Noch einmal: Der Weltraum ist riesengroß. Der durchschnittliche Abstand zwischen den Sternen beträgt 32 Millionen Millionen Kilometer. Selbst bei Geschwindigkeiten, die sich der Lichtgeschwindigkeit annähern, wären solche unglaublichen Entfernungen für jeden Reisenden kaum zu überwinden. Natürlich ist es möglich, dass Außerirdische einen Weg von Milliarden Kilometern zurücklegen, um zu ihrer Belustigung Kreise auf Feldern in Wiltshire zu ziehen oder irgendeinen armen Kerl in einem Lieferwagen auf einer einsamen Straße in Arizona zu Tode zu erschrecken (vielleicht waren es ja außerirdische Teenager), aber es hört sich sehr unwahrscheinlich an.
Dennoch besteht statistisch eine große Wahrscheinlichkeit, dass es im Weltraum andere denkende Wesen gibt. Niemand weiß, wie viele Sterne die Milchstraße enthält - die Schätzungen reichen von rund 100 Milliarden bis 400 Milliarden -, und die Milchstraße ist nur eine von rund 140 Milliarden Galaxien, von denen viele sogar größer sind als unsere. In den sechziger Jahren des 20. Jahrhunderts stellte Professor Frank Drake von der Cornell University unter dem Eindruck dieser frappierenden Zahlen eine berühmte Gleichung auf, mit der er auf der Grundlage einer Reihe immer kleiner werdender Wahrscheinlichkeiten die Aussichten auf hoch entwickeltes Leben im Kosmos berechnen wollte.

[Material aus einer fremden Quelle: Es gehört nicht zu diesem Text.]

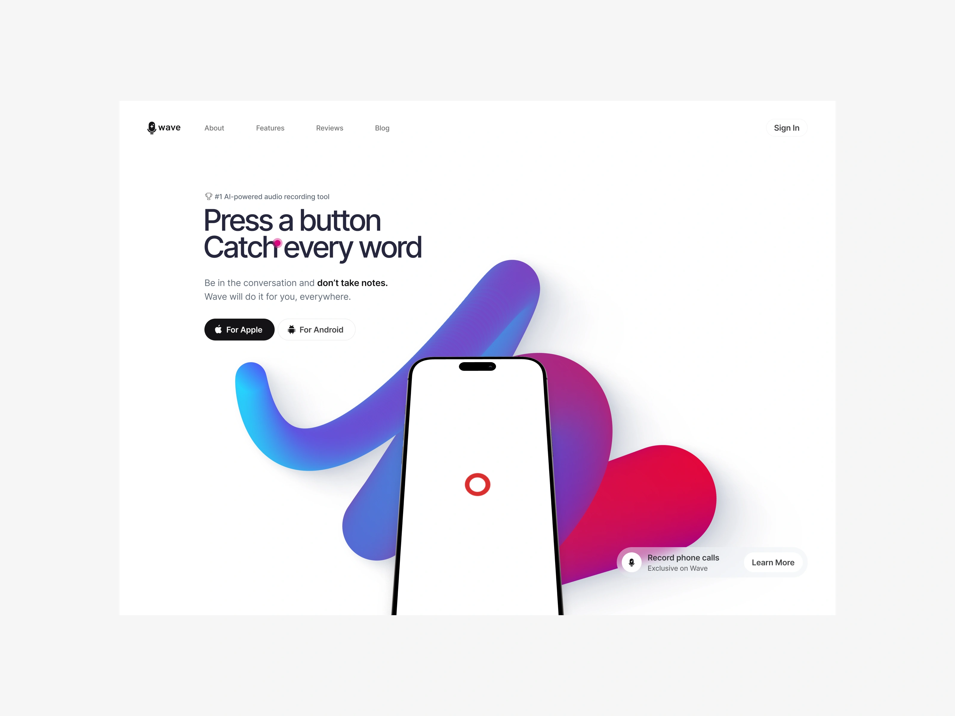 Wave's website was built to show users a tool that removes note-taking from their workflow.
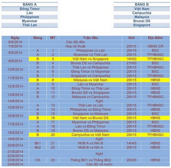 Cũng trong ngày hôm qua, lịch thi đấu giải Hassanal Bolkihah 2014 đã được công bố. U19 Việt Nam sẽ ra quân ngày 9/8 với đối thủ đầu tiên là Singapore. Đây là đội bóng mà U19 Việt Nam chưa từng đối mặt. Ở giải U19 Đông Nam Á năm ngoái, U19 Singapore có thành tích rất tệ khi chỉ xếp hạng 4/5 ở bảng A, bị loại sau vòng bảng.
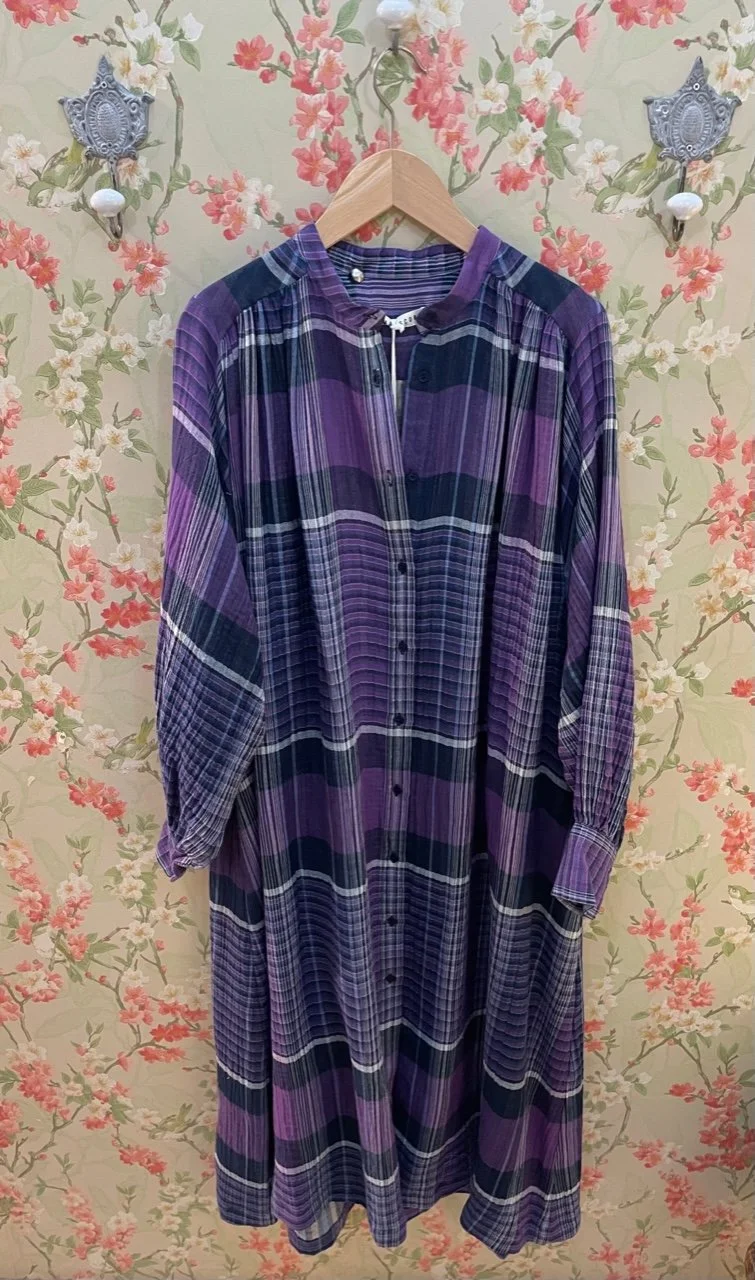 Robe longue en coton, boutonnée devant, manches longues, emmanchure large et poignets resserrés, douce et fluide. Le modèle taille grand.
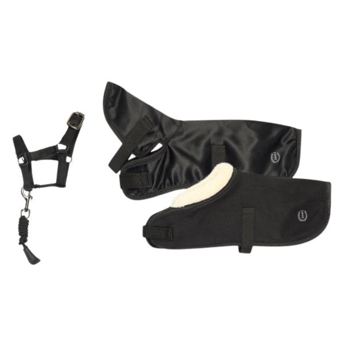 Dækkensæt med grime fra Imperial Riding til mini toy ponyerne. Sættet indeholder et fint fleecetæppe med glitrende logo, et skinnende udendørsdækken med glitrende logo samt en grime med matchende træktov.

In Drakes Gleichung teilt man die Zahl der Sterne in einem ausgewählten Teil des Universums durch die Zahl derer, die wahrscheinlich Planetensysteme besitzen werden; das Ergebnis dividiert man durch die Zahl der Planetensysteme, die theoretisch Leben beherbergen könnten; dieses Resultat dividiert man dann durch die Zahl derer, auf denen ein einmal entstandenes Leben sich bis zum Zustand der Intelligenz weiterentwickelt haben könnte; und so weiter. Bei jeder derartigen Division wird die Zahl ungeheuer viel kleiner - aber selbst unter den vorsichtigsten Annahmen stellt sich am Ende heraus, dass die Zahl hoch entwickelter Zivilisationen in der Milchstraße in die Millionen gehen könnte.